### Work item
Below, locate the line that contains "With its sleek". Repeat exactly from that line to the line that contains "但从最终呈现出的效果来看,小", inclusive, leaving out the pictures.

### Source material
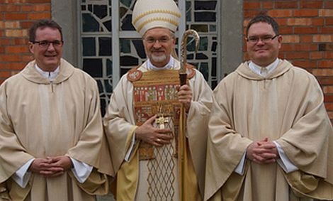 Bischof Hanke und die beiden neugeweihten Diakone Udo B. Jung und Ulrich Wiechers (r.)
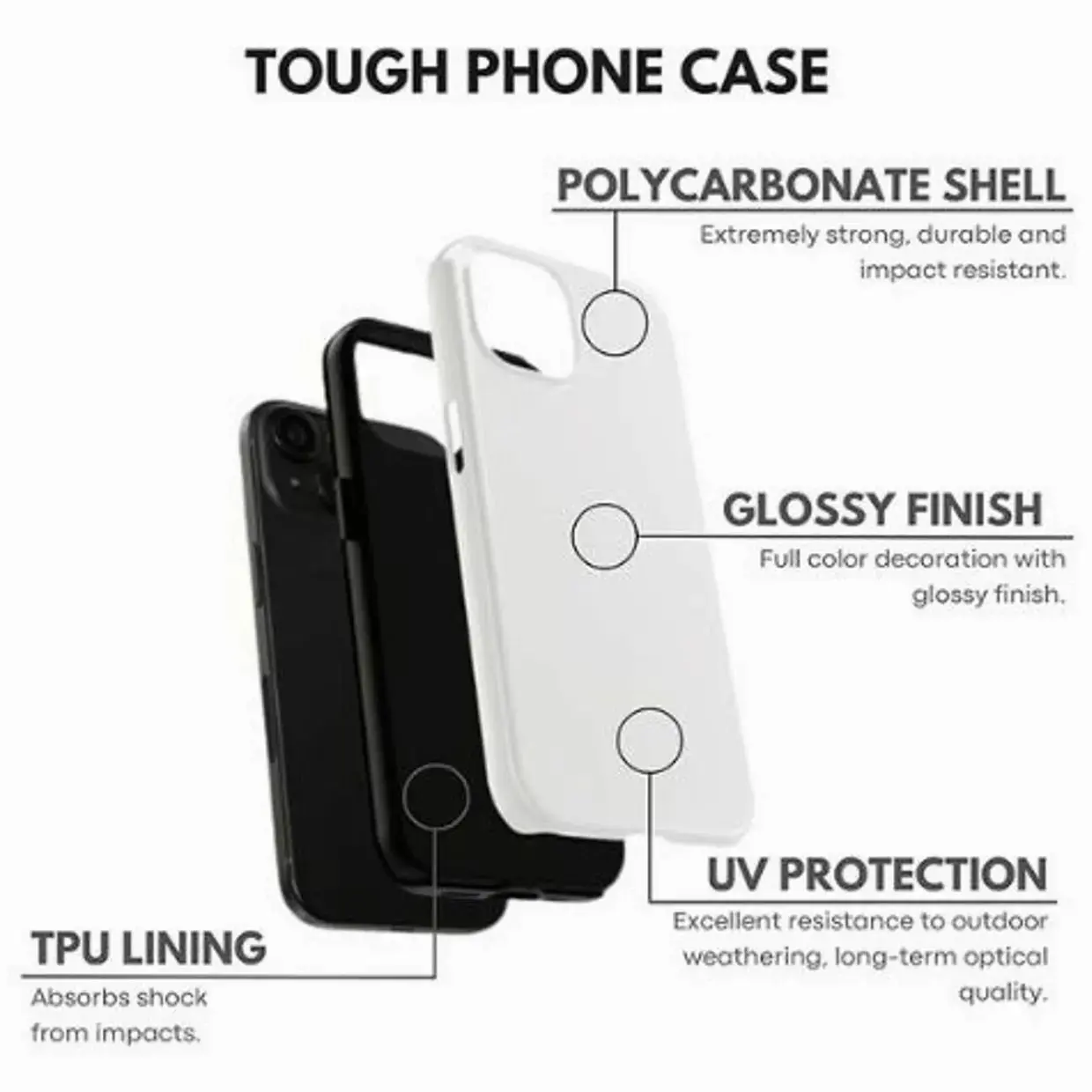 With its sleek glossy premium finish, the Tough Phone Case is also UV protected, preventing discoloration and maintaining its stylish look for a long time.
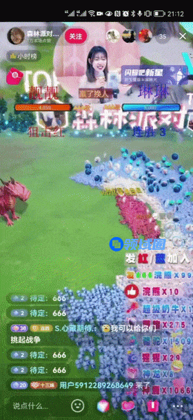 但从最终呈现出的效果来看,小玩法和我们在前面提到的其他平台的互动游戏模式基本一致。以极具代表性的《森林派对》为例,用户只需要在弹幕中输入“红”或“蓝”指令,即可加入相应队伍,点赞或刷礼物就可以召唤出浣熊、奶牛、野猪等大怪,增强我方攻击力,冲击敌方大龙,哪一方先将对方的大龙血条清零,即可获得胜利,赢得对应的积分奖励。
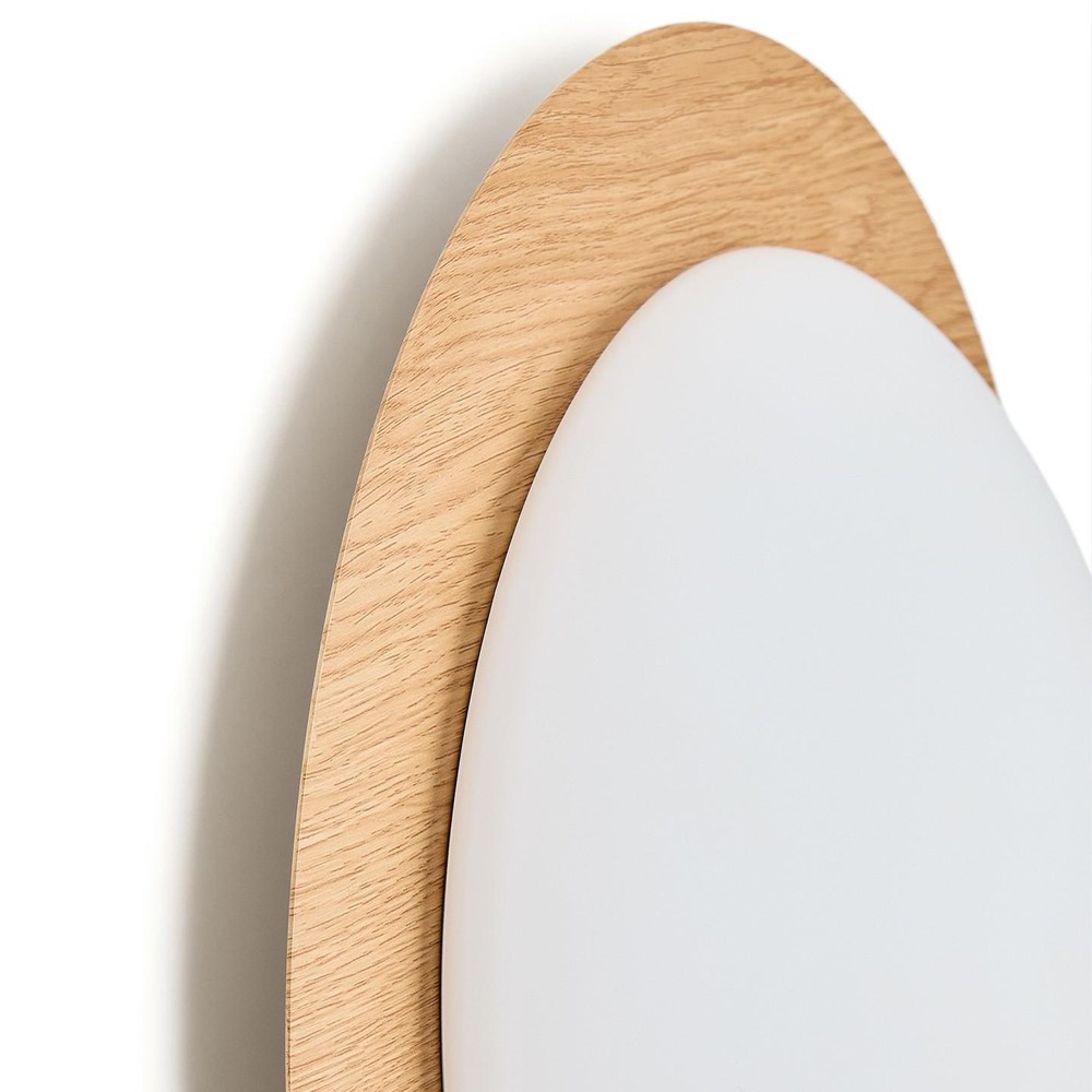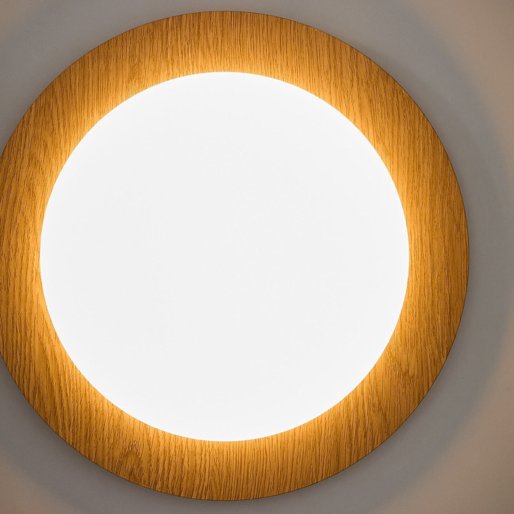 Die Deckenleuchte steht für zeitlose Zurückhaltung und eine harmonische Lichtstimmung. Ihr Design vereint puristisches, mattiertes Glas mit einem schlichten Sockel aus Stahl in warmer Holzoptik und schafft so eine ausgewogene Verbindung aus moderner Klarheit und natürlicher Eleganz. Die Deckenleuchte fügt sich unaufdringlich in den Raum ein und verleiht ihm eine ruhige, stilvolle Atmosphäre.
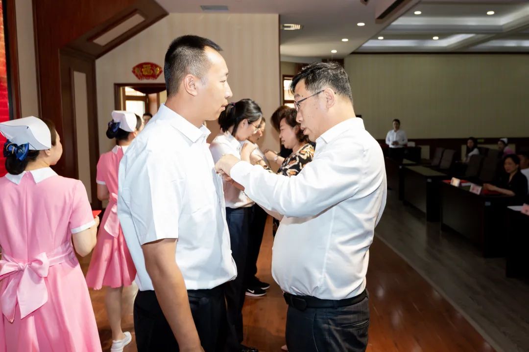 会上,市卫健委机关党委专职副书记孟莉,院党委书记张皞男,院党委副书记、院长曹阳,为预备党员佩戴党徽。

### Expected answer
 With its sleek glossy premium finish, the Tough Phone Case is also UV protected, preventing discoloration and maintaining its stylish look for a long time.
 但从最终呈现出的效果来看,小玩法和我们在前面提到的其他平台的互动游戏模式基本一致。以极具代表性的《森林派对》为例,用户只需要在弹幕中输入“红”或“蓝”指令,即可加入相应队伍,点赞或刷礼物就可以召唤出浣熊、奶牛、野猪等大怪,增强我方攻击力,冲击敌方大龙,哪一方先将对方的大龙血条清零,即可获得胜利,赢得对应的积分奖励。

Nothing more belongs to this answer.